Why was the 1999 iceberg season so mild?

Currently we are not sure why the 1999 iceberg season was so mild. In an average year, nearly 500 icebergs pass south of 48 N, the traditional boundary below which icebergs are considered to be a menace to transatlantic shipping. In 1999, 22 icebergs passed south of 48 N. In a typical year, International Ice Patrol issues routine iceberg warnings to mariners from February through July. In 1999, Ice Patrol issued no warnings. Ice Patrol's aerial reconnaissance usually extends well into August. In 1999, routine aerial reconnaissance was suspended at the end of May.

With the hope that history could help us understand what happened in 1999, we reviewed the environmental conditions of twelve previous mild iceberg seasons.

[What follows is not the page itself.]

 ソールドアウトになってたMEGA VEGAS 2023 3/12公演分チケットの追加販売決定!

We found several features common to most light iceberg seasons:

  • mild preceding winters in Newfoundland and Labrador

  • persistent winter on-shore winds

  • warmer than normal sea surface temperature near Newfoundland

  • sea ice arrives late, departs early and is not very extensive

  • the offshore branch of the Labrador Current is weaker than normal

Many of these factors were present in 1999. For example, the sea surface temperature (SST) southeast of Newfoundland in spring and early summer was 2 - 3 C warmer than normal. That alone does not explain the lack of icebergs south of 48 N. It takes many days for a large iceberg to disintegrate, and there certainly was an ample supply, had the currents been moving them southward. We examined the links between the iceberg counts and various atmospheric phenomena, such as El Nino-Southern Oscillation (ENSO), La Nina and the North Atlantic Oscillation (NOA). For the most part, these are not correlated very well with the iceberg counts and are not good predictors. For short periods there seems to be a good correlation between the NAO and the iceberg counts. However, the NAO index for 1999 suggested a moderate to severe iceberg season.

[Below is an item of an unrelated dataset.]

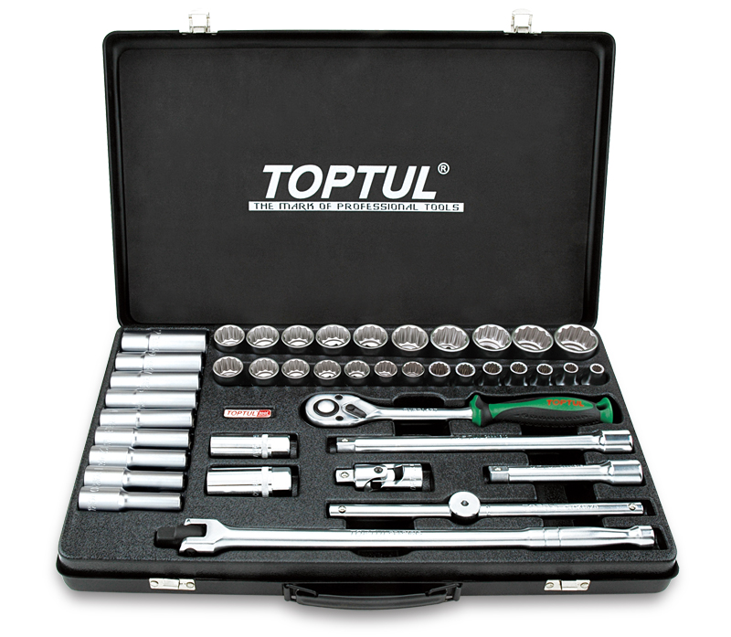 Набор головок и аксессуаров 1/2" 12-гранных 8-32 мм, 41 предмет в метал. кейсе TOPTUL GCAD4103 купить в Петрозаводске и других городах России

The scarcity of icebergs passing south of 48 N latitude in 1999 was unusual, but not unprecedented. Twelve times in Ice Patrol's history there have been 25 or fewer icebergs reported south of 48 N. In fact, the 1999 season enters into a tie with 1977 for the ninth lowest iceberg count in Ice Patrol's history.


Table of years with lowest number of icebergs south of 48 degrees north lattitude



Chart graphing mild iceberg seasons.

What made the 1999 iceberg season even more remarkable was the fact that there was no lack of icebergs in the western north Atlantic. Indeed, there were several thousand icebergs along the northern Newfoundland and Labrador coasts in the spring and early summer. For example, the chart below shows the Canadian Ice Services iceberg analysis on May 31, 1999, which shows they were tracking hundreds of icebergs between 47 N and 55 N early in the season. Very few of these icebergs moved into southern waters.


Iceberg distribution chart obtained from the Canadian Ice Service on 31 May 1999


Analysis of the 1999 Ice Season provided by Dr. Don Murphy
(International Ice Patrol Oceanographer)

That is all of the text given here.